Problem details: Print exactly the lines from the one containing "4341チタンコーティング高" through the last line of the entries below; the pictures stay out of the copy.

Dataset items
»»

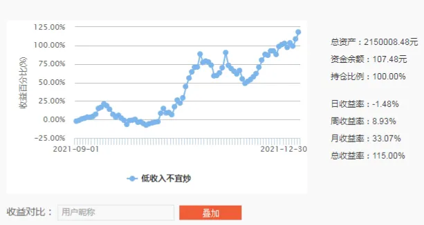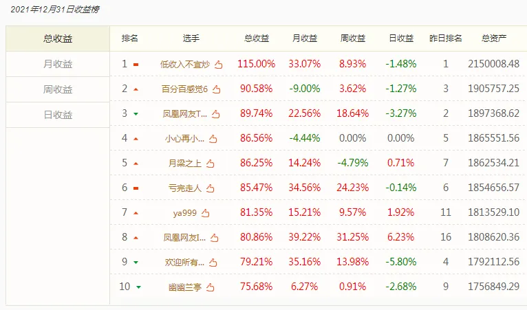 这次炒股比赛开始于9月1日,到2021年最后一个交易日,12月31日,比赛中我4个月收益率115%,排第一名。
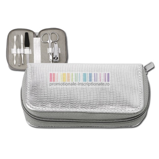 Trusa promotionala pentru manichiura si pedichiura, cu forfecuta, unghiera, pila, penseta si doua instrumente pentru cuticule - toate realizate din metal si prezentate in etui elegant din imitatie de piele cu inchidere prin fermoar.
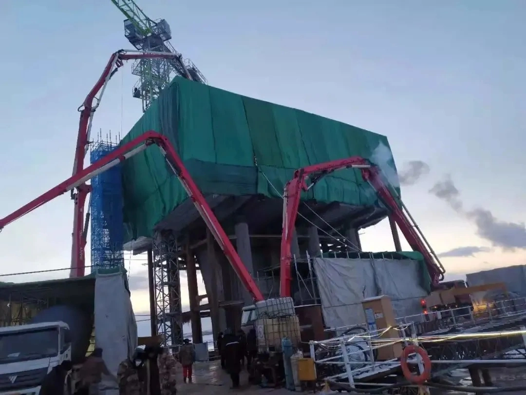 本次施工好体育投注官网派出陈望、闫磊2名工程师到现场全程服务。“施工那几天,松花江边气温在零下30度左右,为了克服天气的不利影响,我们帮客户把液压油箱、散热器用棉被包裹,把泵管用加热带裹好,工地还做了一个大棚把泵车底盘扣在里面,里面用加热器保温。”
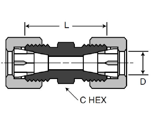 Este é um encaixe de 3/16 "de tubo com uma luva com fenda e uma versão níquel deste produto também está disponível para aplicativos biológicos.
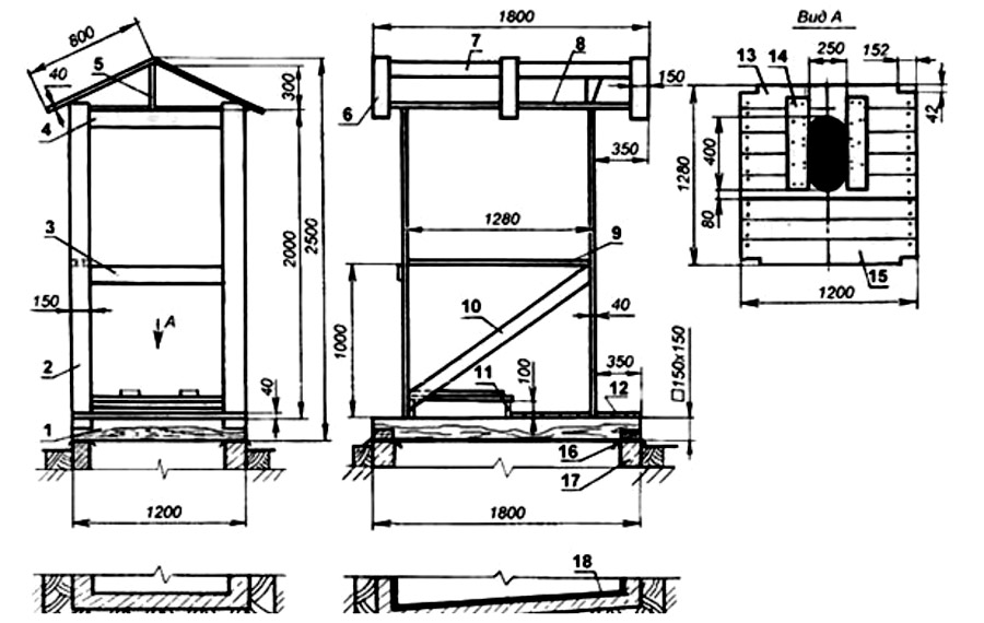 Схема и проект деревянного туалета для дачи
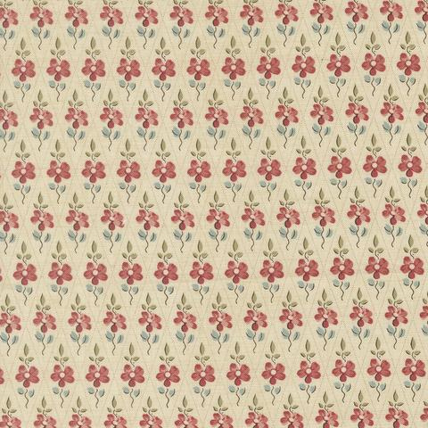 Colore: Fiori in rosso antico e foglioline verde salvia su fondo Pearl (avorio).
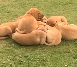 В английском городе Брэдстоун графства Девон восемь (8!!) щенков лабрадора легли кругом, прижавшись друг к другу — получился большой калачик.
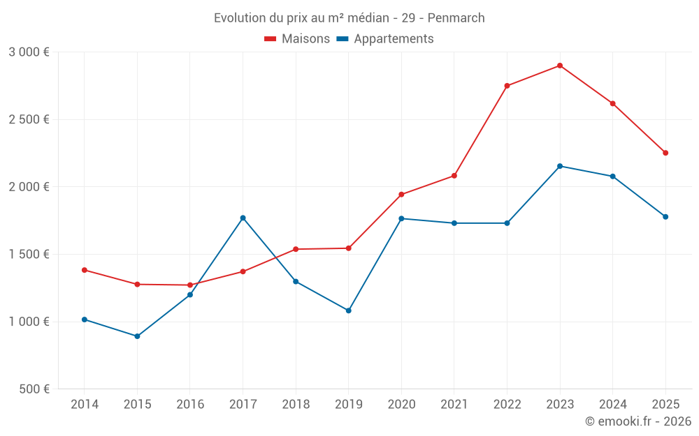 Carte des prix de l'immobilier dans la commune de Penmarch, choississez une section pour voir les transactions par parcelle.
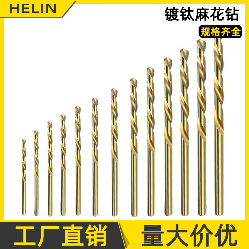 4341チタンコーティング高速鋼製ツイストドリルビット、熱間加工HSSストレートシャンクドリル、薄板金属・鉄板・木工用、売れ筋商品
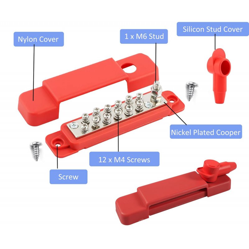 - Удобная компоновка: Блок имеет 1 главную силовую шпильку 1/4" (М6) для подключения к аккумулятору и 12 винтовых клемм М4 для разводки на потребители.

««

Expected answer:
 4341チタンコーティング高速鋼製ツイストドリルビット、熱間加工HSSストレートシャンクドリル、薄板金属・鉄板・木工用、売れ筋商品
 - Удобная компоновка: Блок имеет 1 главную силовую шпильку 1/4" (М6) для подключения к аккумулятору и 12 винтовых клемм М4 для разводки на потребители.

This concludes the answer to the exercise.